CANCELLATION of all services and products of IMC must be done via e-mail at [email protected], at least thirty (30) days prior to the next scheduled billing date. Payment is required for services to be rendered during the initial minimum subscription period (one year term of agreement), regardless of cancellation. Prepaid amounts are non-refundable.
IMC shall have the right to TERMINATE this Agreement for any or no reason, provided thirty (30) days in advance IMC sends written notice to Client to the address last provided to IMC by Client.
WARRANTIES – Client warrants that it has the right to publish and use Client’s name, trademarks, service marks, domain names and other identification terms, graphics and/or symbols, all advertising content and all other content provided by Client to IMC for inclusion on Client’s web site and/or as advertising on or linking to other web sites; IMC may modify the software used to operate the Services from time to time at its sole discretion. IMC will use reasonable efforts to schedule maintenance down times for off-peak periods. IMC will not be responsible for loss of information stored in the Database or web based e-mail system and encourages that the client stores all emails on their local system. IMC does not support third party software, (i.e.: Outlook).
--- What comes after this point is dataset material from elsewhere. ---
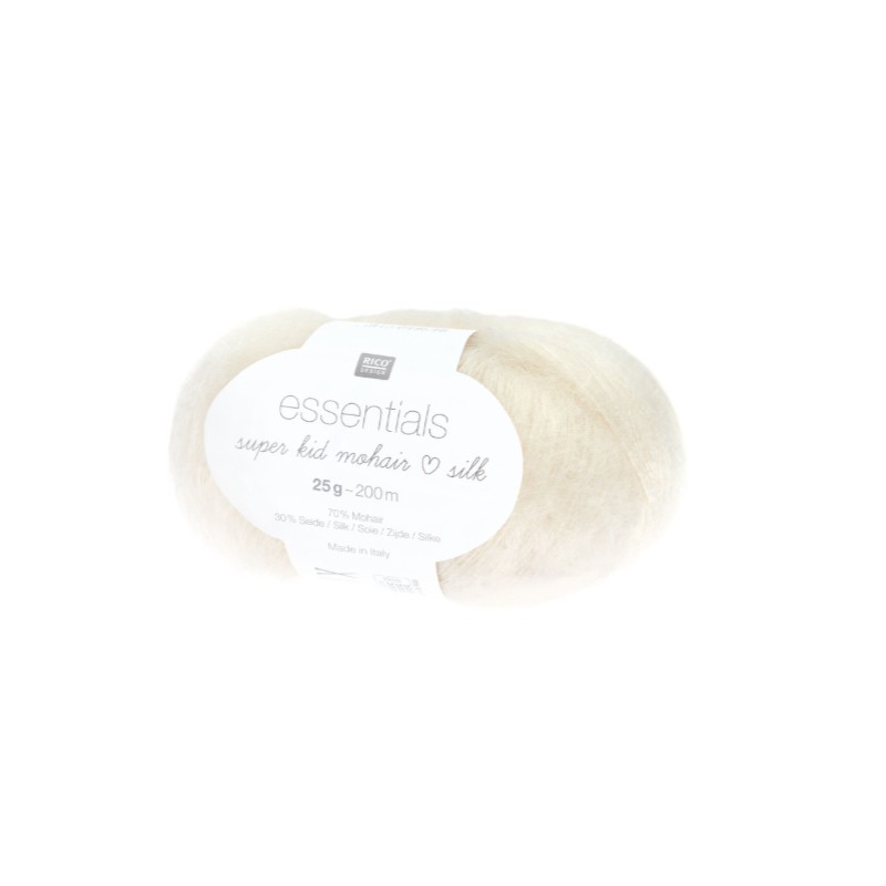 Le fil Essentials Super Kid Mohair Loves Silk de Rico Design est un mélange de mohair Super Kid et de soie de haute qualité, caractérisé par sa texture exceptionnellement douce. Sa teneur en soie (30 %) le rend incroyablement léger. Parfait pour les châles et écharpes délicats !

With the exception of Client’s indemnification obligations herein, neither IMC nor Client shall be liable to the other for any special, direct, incidental, or consequential damages (including but not limited to such damages arising from breach of contract, breach of warranty, or negligence), or from interrupted communications, loss of use, loss of business, lost data, or lost revenue arising out of or in connection with this Agreement. IMC’s total liability to Client shall be limited to no more than a refund of the monies received by IMC from Client under this Agreement.
Client agrees to defend (upon request) and indemnify IMC, its agents and employees, and to hold IMC harmless from any and all claims, demands, causes of action or damages, including reasonable attorneys’ fees, arising out of Client or IMC’s use of content provided by Client to IMC that a third party asserts is infringing its proprietary rights, is violating any confidentiality obligation, or is otherwise violating any law or causing harm to a third party.
The parties to this Agreement are independent contractors, and no agency, partnership, joint venture, or employer/employee relationship is intended by this Agreement. Neither party may take action, which is binding on the other party. Neither party shall make any representations or warranties to third parties on behalf of the other party unless specified in writing and executed. This Agreement sets forth the entire understanding and agreement of the parties, and supercedes any and all prior oral or written agreements or understandings between parties, as to the subject matter of this Agreement. This Agreement may be changed only in writing signed by both parties. Waiver by either party of a breach of contract does not nullify this Agreement. This Agreement, including all matters relating to validity, construction, performance or enforcement hereof, shall be construed in accordance with laws of the State of Colorado, with the exception of its choice of laws provisions.
You Can Cancel Your Account Here
This Agreement is entered into, and shall be deemed to have been made, in Denver, Colorado.